Pengertian

Diabit merupakan obat yang mengandung Metformin HCl. Diabit digunakan bersamaan dengan program diet dan olahraga yang tepat dan mungkin dikombinasikan dengan obat lain untuk membantu mengontrol gula darah tinggi. Diabit juga dapat digunakan pada pasien dengan diabetes tipe 2. Dengan mengontrol gula darah tinggi dapat membantu mencegah kerusakan ginjal, kebutaan, masalah saraf, kehilangan anggota tubuh dan masalah fungsi seksual. Kontrol yang tepat diabetes juga dapat mengurangi resiko jantung koroner (rusaknya dinding pembuluh darah). Obat ini juga biasa digunakan pada wanita dengan penyakit ovarium tertentu (sindrom gangguan hormon). Diabit dapat membuat siklus menstruasi lebih teratur dan meningkatkan kesuburan. Diabit 500 bekerja dengan cara menghambat glukoneogenesis ( Pembentukan glukosa dari senyawa bukan karbohidrat ) dan glikogenolisis ( Pemecahan glikogen atau karbohidrat yang tersimpan dalam tubuh ).

Keterangan

  • Golongan: Obat Keras.
  • Kelas Terapi: Diabetes.
  • Kandungan: Metformin HCl 500 mg.
  • Bentuk: Tablet .
  • Satuan Penjualan: Strip.
  • Kemasan: Strip @ 10 Tablet .
  • Farmasi: Hexpharm Jaya.

Kegunaan

Diabit digunakan untuk mengobati DM tipe 2 ( NIDDM ) yang kadar gula darahnya tidak terkontrol dengan diet dan aktivitas fisik.

Dosis & Cara Penggunaan

Diabit merupakan obat yang termasuk ke dalam golongan obat keras sehingga pada setiap pembelian nya harus menggunakan resep Dokter. Selain itu, dosis penggunaan diabit juga harus dikonsultasikan dengan Dokter terlebih dahulu sebelum digunakan, karena dosis penggunaan nya berbeda-beda setiap individu tergantung berat tidaknya penyakit yang diderita.

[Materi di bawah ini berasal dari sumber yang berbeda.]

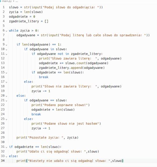 gra kończy się, gdy gracz zgadnie

  • Dosis awal : 2x500 mg/hari, dosis dapat ditingkatan 500 mg/minggu setiap 2 minggu.
  • Dosis maksimum : 2000 mg dalam dosis terbagi. Diberikan bersama makanan.

Efek Samping

Efek samping yang mungkin terjadi selama penggunaan diabit yaitu :

  1. Anoreksia (Gangguan berupa penurunan nafsu makan yang berlebihan)
  2. Mual dan muntah
  3. Diare
  4. Sakit perut
  5. Gangguan indera pengecap
  6. Hepatitis (penyakit peradangan hati)


Kontraindikasi:

  1. Fungsi ginjal (misalnya dehidrasi, infeksi parah, syok)
  2. Hipoksia akut atau kronis yang menyebabkan penyakit (misalnya gagal jantung atau gagal napas
  3. Gangguan ginjal berat (eGFR 4. Pemberian beryodium secara intravaskular.


Interaksi obat

Interaksi obat Diabit antara lain :

  1. Efek aditif (ketergantungan) jika digunakan bersama Diabit dengan sulfonilurea.
  2. Thiazide diuretik, kortikosteroid, fenotiazin, simpatomimetik, niacin, Ca channel blocker dan isoniazid dapat memperburuk hilangnya kontrol glikemik.
  3. ACE inhibitor dapat mengurangi kadar puasa glukosa darah.
  4. Dapat meningkatkan tingkat serum dengan cimetidine


Kategori Kehamilan

Badan Pengawas Obat dan Makanan Amerika Serikat (FDA) mengkategorikan diabit ke dalam Kategori B
Studi pada reproduksi hewan tidak menunjukkan risiko janin, tetapi tidak ada studi terkontrol pada wanita hamil atau studi reproduksi hewan telah menunjukkan efek buruk (selain penurunan kesuburan) yang tidak dikonfirmasi dalam studi terkontrol pada wanita hamil trimester pertama (dan tidak ada bukti risiko pada trimester berikutnya).